If this is the case, how about re-listing and managing this data from the viewpoint of observability? That is, information such as incident & resolution, alert, metric, deployment, provisioning, testing, and log & trace is related to hierarchical information such as specific cluster, node, and service in a mind-map method.
Structuring CI/CD information from the viewpoint of observability
If various information generated from CI/CD can be organized and viewed like the map above, it will be useful to identify the root-cause of the incident.
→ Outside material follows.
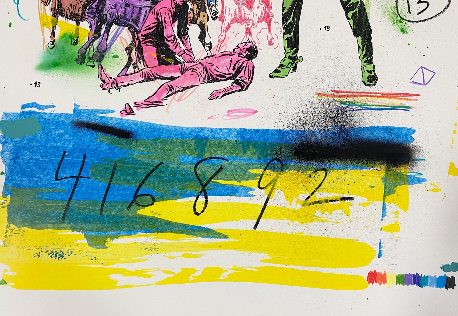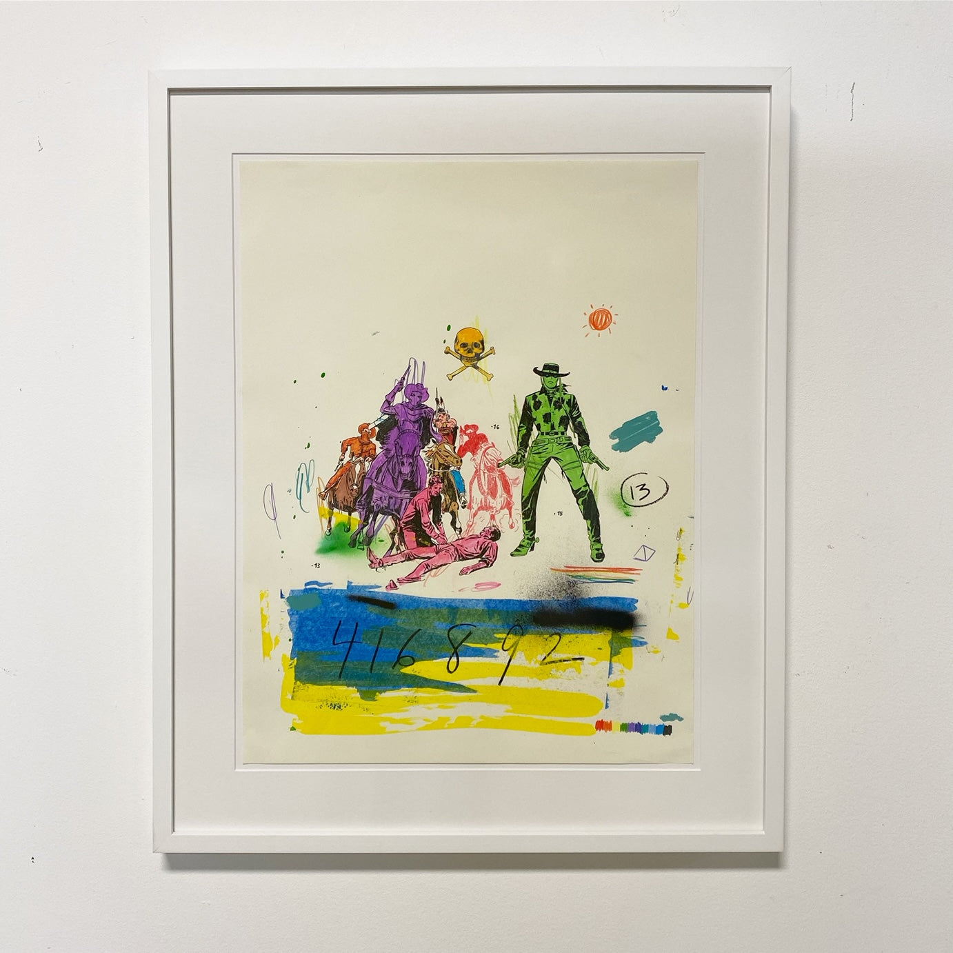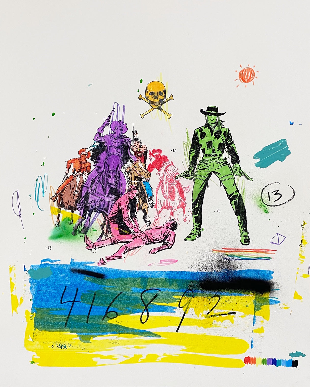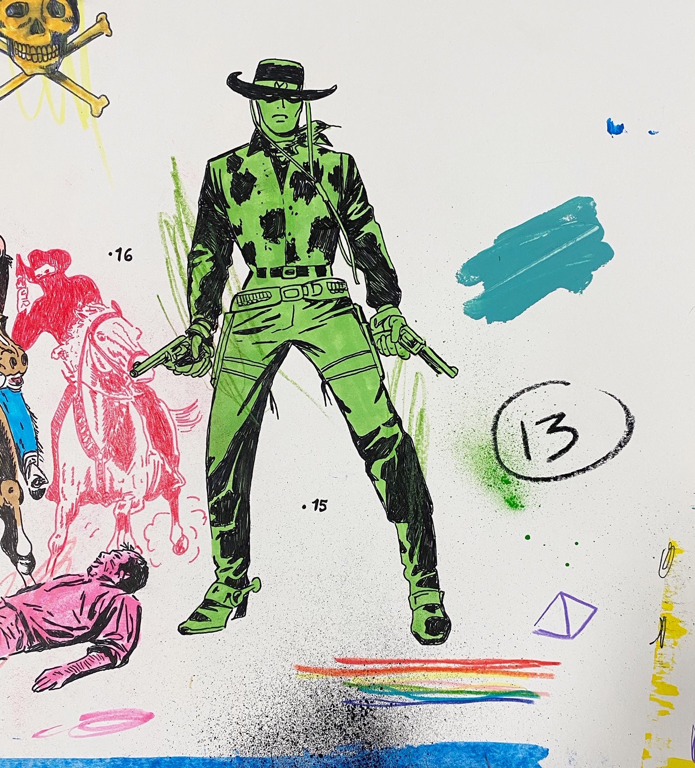American (b. 1975). Matt Eddmenson, who graduated from The Art Academy of Cincinnati in 1999, draws from a range of influences and sources for his practice, including Cowboy Comics, Pop Art, and the work of Cy Twombly. His works are gatherings and reconfigurations of American imagery and iconography, commonly featuring cowboys, skulls, and rodeo horses. He also incorporates images from the golden age of comics and tattoo culture. Eddmenson explains: “I work from my memories as a child, I learned to draw by tracing comic book covers over and over until I was able to draw these characters from memory—I have a deep admiration for comic book art.” Works like 'You Keep Twistin My Words Around' (2020) and 'Don't Look at the Sun Too Long' (2020) demonstrate Eddmenson’s ability to reference western comics, his love for postmodern masters, and the great colorists of the 21st century.

That is, incidents occurring in a specific node can be easily resolved by comprehensively reviewing the incidents history, alerts, logs, provision, and metrics information of the node.
Incidents that occurred in a specific release of microservices can also be easily resolved by comprehensively reviewing incident history, alerts, logs & traces, testings, and deployment information.
I think that the comprehensive provision of such related information will not only help a lot in responding to failures quickly when an incident occurs, but also help the system automatically respond to specific failures through the rule database.
For suggesting the resolution of incidents, a resolution rule database needs to be set up with “Incident Type”, “Symptom”, “Thresholds of Causes” and “Suggested Resolution” so that all the collected information can be used to provide the resolution options to resolve the incident.
The information from the previous testing results and similar incident history need to be structured and input to the rule database. Under the environment, a system operator can create an incident and, associated with the information from CI/CD platform, the incident can refer to the rule database to get resolution options.
The incident resolution process in such an environment would be as follows.
We see this as a transitional step towards AI/ML Ops and a realistic alternative worth trying. I’d like to hear the opinions of our readers on this.